I wonder how many people will hear anything beyond this line in the reading from Ephesians on Sunday morning? There were certainly christians who refused marriage, and those who promoted it in the time during which this epistle was written. There is no question which side the author of the epistle came down on. There is also precedent for what he is doing. Hosea had modeled the relationship between God and God’s people on his own marriage to a prostitute — the people were unfaithful, God was faithful. Isaiah has some beautiful passages about God adorning Zion as a bride God will marry and never again put away.
At best, we are always stumbling for metaphors to describe the divine, and our relationship to it. In the epistle’s day, marriage was a social obligation (refused, especially by women, at great peril). But in the contract, the husband was obliged to nourish, clothe and shelter his wife. What is a little bit surprising is the tenderness with which the author describes our relationship with God. Just as a man nourishes his own flesh and “warms” it (that is what the verb means, not as the NRSV has “cares for it”). Metaphorically, it can mean cherish, soften, and even inflame, as with passion. It seems God may well become passionate for us.
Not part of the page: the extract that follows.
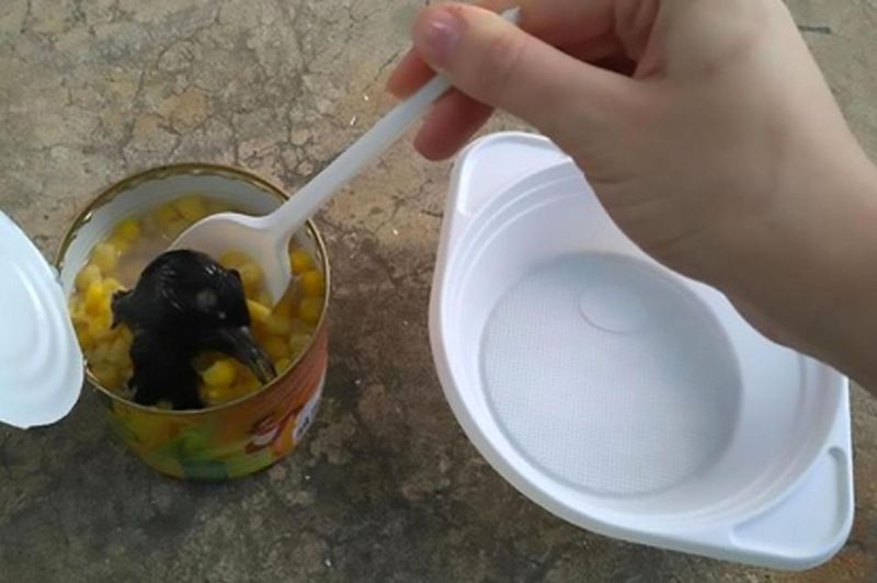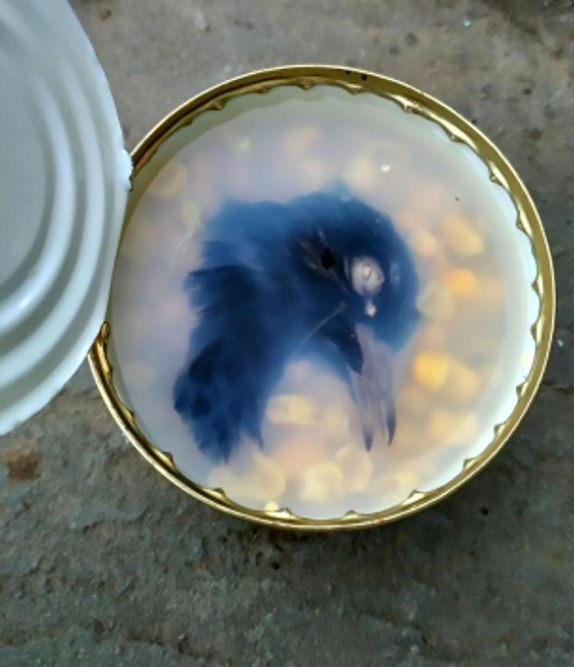 Emma Leusenko, o tanara in varsta de 22 de ani din Ucraina, a cumparat o conserva cu porumb dulce pe care nu o va uita niciodata. Fata a deschis conserva si a vrut sa o puna in salata, dar imediat ce i-a scos capacul i s-a facut rau si a fost la un pas sa vomite. Un cap de porumbel plutea deasupra boabelor de porumb.

Ephesians sets out a hierarchical relationship between God and the community. John’s Gospel sets out a relationship of near-equality, with the divine and human natures interpenetrating to the point of confusion (the Father is in me, and I in you and the Father in you and the Spirit in everything and so on). Perhaps we need both aspects of that relationship with God. The author of the Letter to the Ephesians used a handy metaphor, without thereby fixing forever the nature of the marriage relationship. Our task is to find similar metaphors for God’s intimacy with us, care for us and relationship to us.